Quand Blevins a été mis à la porte par ses parents, Ann, qui était enceinte, a quitté sa famille pour aller vivre avec lui. "Je ne voulais pas qu’il reste seul", dit elle. Ils sont allés chercher une chambre dans un motel. Le 23 avril 2004, ils s’arrêtaient à Big Boy, un fast food qu’elle connaissait bien parce qu’il était à côté de l’appartement de Shirley Perry, la meilleure amie de sa grand-tante. Perry, qui avait 89 ans, gardait Ann quand elle était toute petite, Ann et Blevins étaient allés chez elle plusieurs fois, pour lui ramener des courses et lui rendre divers services.

C’est là que la version officielle diffère de celle de Dupure. Au tribunal, l’accusation a estimé que les adolescents avaient décidé ensemble de tuer Perry pour lui prendre son argent - 30 dollars qui serviraient pour payer le motel et deux milk-shakes à Big boy. Dupure aurait activement participé au meurtre en frappant la vielle femme sur la tête avec une casserole et en allant prendre le couteau de cuisine que Blevins avait utilisé pour la tuer.
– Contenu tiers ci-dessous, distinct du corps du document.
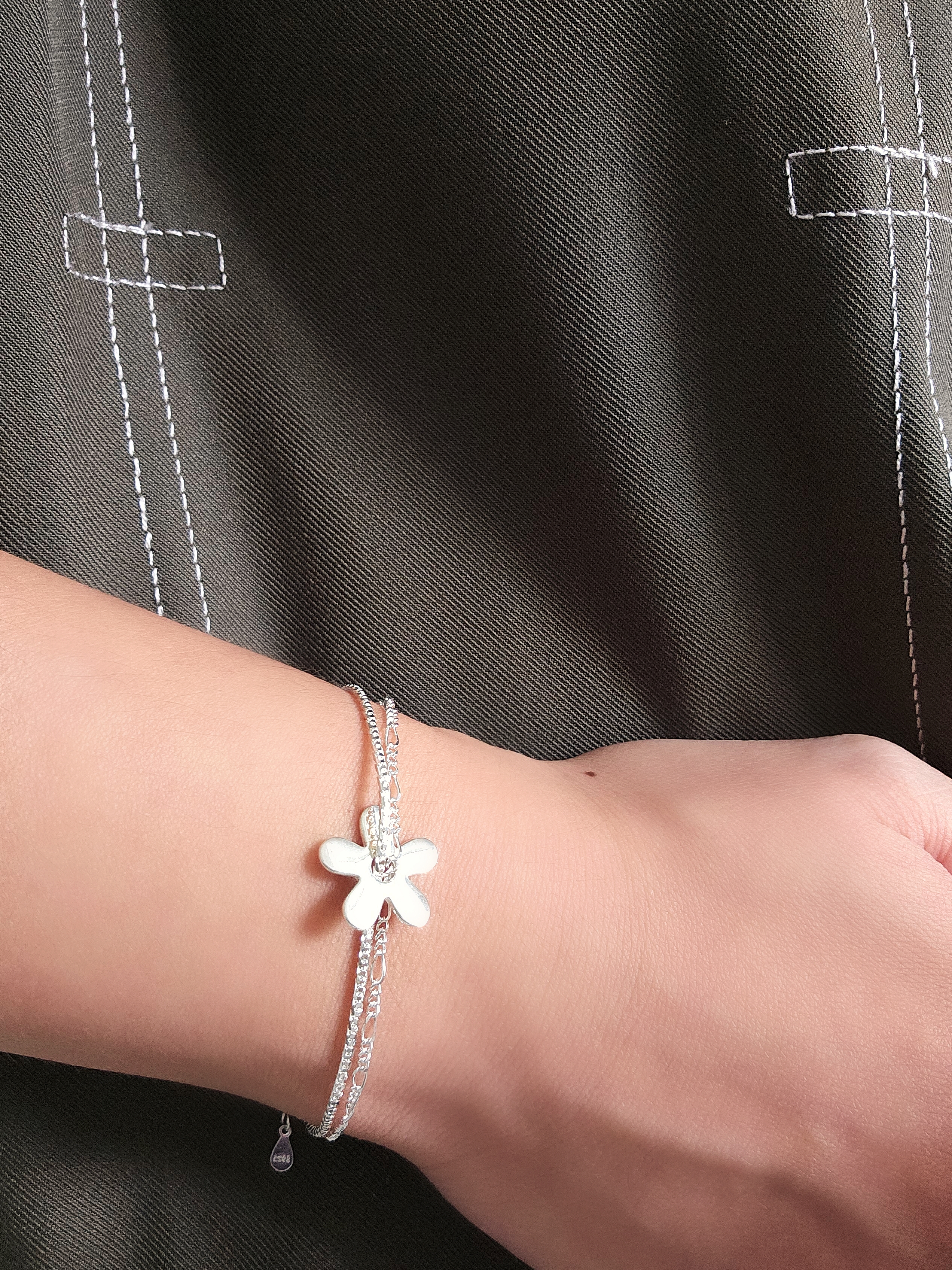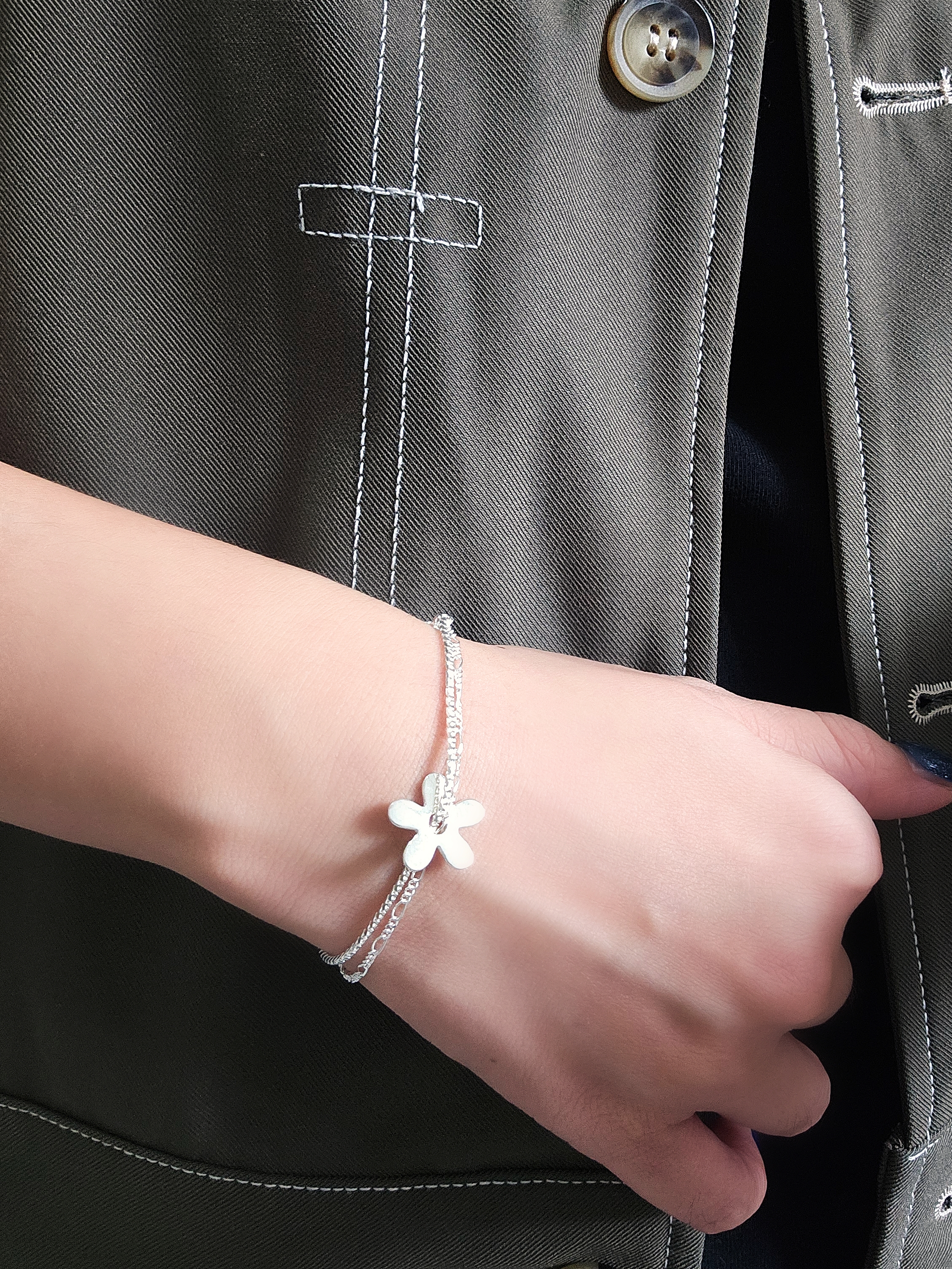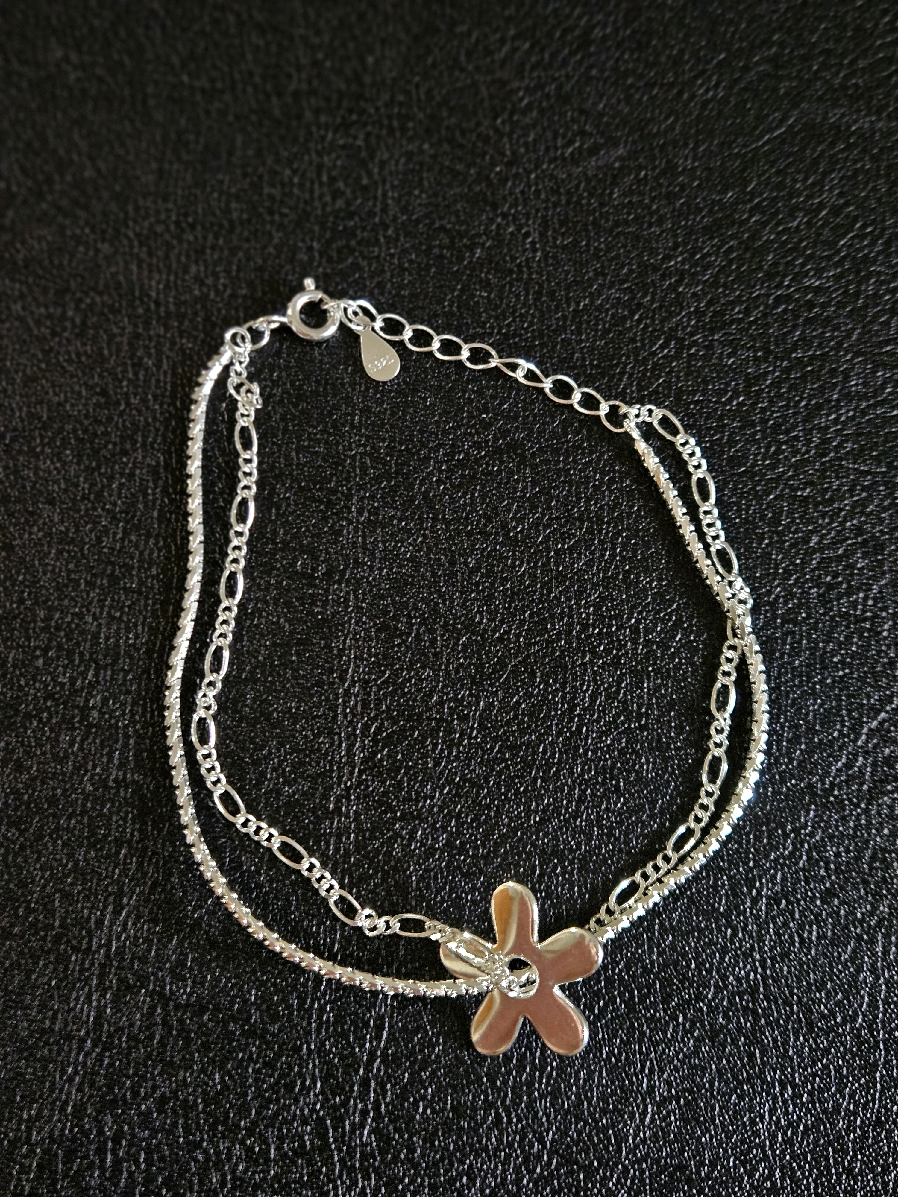 這款雙層純銀手鍊設計精緻,結合了多條鏈條,並有精緻的花形吊飾。這款手鍊不僅展現了工藝的細膩,更為你的造型增添了一份優雅與魅力。無論是日常佩戴還是出席特別場合,都能讓你成為眾人注目的焦點。 Chain Bracelet SIZE: 16+3cm WEIGHT: 3.5g 🔸️S925 🔸️Easy to match 🔸️Hypoallergenic 🔸️Keep Dry For Lasting Shine 〰️What's Included〰️ 1 Chain Bracelet 1 High Quality Sealed Bag 1 High Quality Silver Polishing Cloth ♥️ 尺寸: 16+3cm 重量: 3.5g 🔸️S925 🔸️容易配襯 🔸️防敏感 🔸️保持乾燥 持久光澤 〰️包括什麼〰️ 1 手鍊 1 高質密封袋 1 高質抹銀布

Ann Dupure affirme qu’elle n’était pas dans l’appartement du tout, mais qu’elle attendait dans le restaurant, faisant abstraction de ce qui se passait, Blevins y étant allé seul.

Ce qui est certain, c’est que c’est Blevins qui a assassiné la vieille femme, en lui donnant plusieurs coups de couteau et en l’étranglant. Durant l’interrogatoire de police, il l’a avoué, disant qu’il avait agi seul. Mais peu de temps avant de passer en jugement, il a changé sa déposition, déclarant que Dupure était dans l’appartement avec lui au moment du crime. En échange, l’accusation a convenu alors de l’inculper de meurtre sans préméditation seulement, ce qui lui éviterait la perpétuité. Au cours d’un contre-interrogatoire, il a admis devant le jury "je n’avais pas l’intention de lui faire porter le chapeau, mais je n’avais pas d’autre choix."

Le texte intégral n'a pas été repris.